The docs talk about forcing because that is the semantic event that matters:

  • before forcing, the effect has not started
  • forcing triggers the deferred work
  • once completed, later uses observe the same memoized result

In the current implementation, the runtime-backed task surface includes helpers such as Task.defer and Task.force. Those are useful when reading implementation-focused examples, but the language concept is bigger than one module API: defer is part of the language execution model.

Example: optional expensive work

import FileSystem from 'std:filesystem'
loadReport = (summaryPath: String, rawPath: String, includeRaw: Boolean) => {
summary = FileSystem.readFile(summaryPath)
raw = defer FileSystem.readFile(rawPath)
if (includeRaw) {
{
summary,
raw,
}
} else {
{
summary,
raw: Null,
}
}
}

The summary starts eagerly because the program definitely needs it. The raw content is delayed because it depends on a branch.

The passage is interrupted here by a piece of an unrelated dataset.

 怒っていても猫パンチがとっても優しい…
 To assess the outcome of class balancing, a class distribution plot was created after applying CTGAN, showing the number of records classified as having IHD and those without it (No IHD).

Example: planning work before committing to it

import FileSystem from 'std:filesystem'
buildPlan = (configPath: String, secretsPath: String) => {
config = defer FileSystem.readFile(configPath)
secrets = defer FileSystem.readFile(secretsPath)
{
config,
secrets,
}
}

This is a good pattern when you want to assemble a plan and then decide later which work should actually begin.

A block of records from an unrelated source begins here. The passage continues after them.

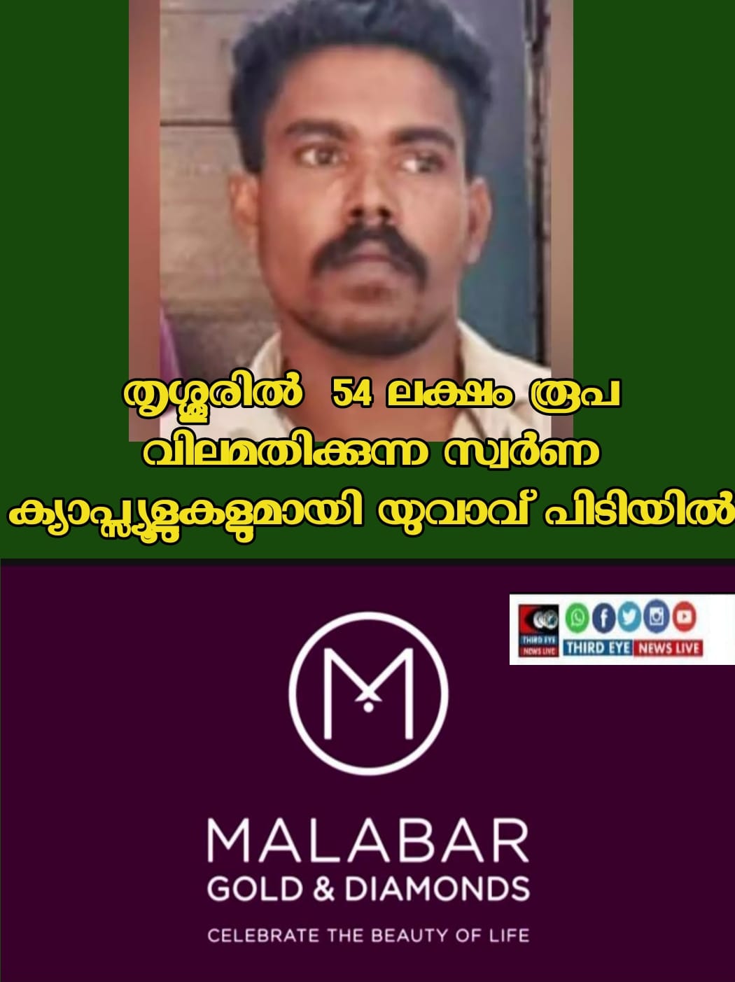 തൃശ്ശൂര് റെയില്വെ സംരക്ഷണ സേനയിലെ സബ് ഇന്സ്പെക്ടര് അജയ്കുമാര്, എഎസ്ഐ സിജോ സേവിയര്, ഹെഡ് കോണ്സ്റ്റബിള് എം ബി ബിനു, കോണ്സ്റ്റബിള്മാരായ ജി വിപിന്, എസ് വി ജോസ് എന്നിവര് ചേര്ന്നാണ് ഇയാളെ പിടികൂടിയത്. തുടര്ന്ന് സേന കസ്റ്റംസിനെ വിവരം അറിയിക്കുകയും കസ്റ്റംസ് ഇയാള കസ്റ്റഡിയില് എടുക്കുകയുമായിരുന്നു.
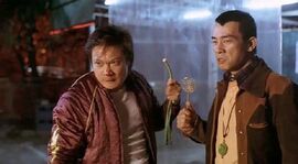 其二。《功夫》中周星驰少年时代的骗局重现。 在这部电影里这个桥段被用了两次。 第一次是葛民辉被徒弟出卖之后痴痴傻傻地走到一个小孩子面前说了那一大堆的话,比如什么小小年纪就有横练的筋骨,是麻雀中的不世奇材,假以时日,维护世界和平保护人类的任务……当然,现在的小孩子已经没有少年周星驰那么单纯了,所以,葛民辉逃不过一段暴打。 而第二次是葛民辉的徒弟的最终结局。这个桥段的运用以及重复的手法其目的其实和第一个桥段的运用是同一个作用的。只是这里面又加了一层因果报应的寓意。所谓种善因得善果。其实这两段看起来颇为搞笑。原来,现在的香港人依旧祈盼有这样的困果循环的寄托。 而另一个搞笑的地方是同样的小孩子的反应看起来已经现实了许多了,而赋予这样一个桥段如此重大的意义又显得天真无比了。
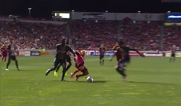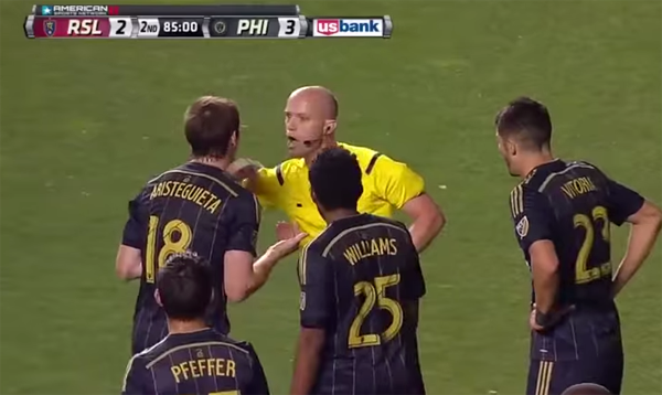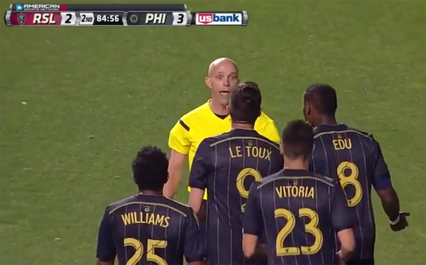 On the free kick, at midfield we’re trying to sub in Conor Casey. [The officials] wouldn’t acknowledge that. So, [RSL] take the free kick, it gets whipped into the box, and Mulholland dribbles. There’s four of our guys around him. No one touches him, and he goes down. The ref gives a PK. That’s what happened.

Compared with JavaScript and TypeScript

JavaScript often mixes eager and lazy behavior depending on the API:

  • some promise-returning functions start immediately
  • callbacks are often lazy
  • frameworks add their own task models
  • “when does this actually start?” can depend on conventions rather than language rules

FScript narrows that model:

  • ordinary effectful calls start eagerly
  • defer is the explicit lazy form
  • consuming a result may suspend
  • laziness is a visible source-level choice

That makes delayed work easier to teach and easier to spot when reading code.

Good habits

  • use plain effectful calls by default
  • use defer only when delayed start is meaningful
  • keep deferred work near the branch or API that justifies it
  • prefer small effectful shells with mostly pure transformation logic around them

Common mistakes

  • treating defer as the default style for all effects
  • assuming laziness is automatic
  • using deferred work when the result is definitely needed immediately
  • confusing deferred effects with generator-based lazy sequences

Current implementation notes

The current repository already has a meaningful defer slice implemented:

  • effect analysis classifies current callables as Pure, Effectful, or Deferred
  • the shared interpreter supports lazy memoized defer
  • the shared runtime tracks deferred/task state transitions such as created, ready, running, waiting, completed, and failed
  • std:task currently includes Task.defer and Task.force
  • ordinary implemented host operations already start eagerly when reached unless explicitly deferred

The main remaining runtime gap is not the basic defer semantics. It is broader scheduler parity and longer-lived dependency draining across whole evaluations.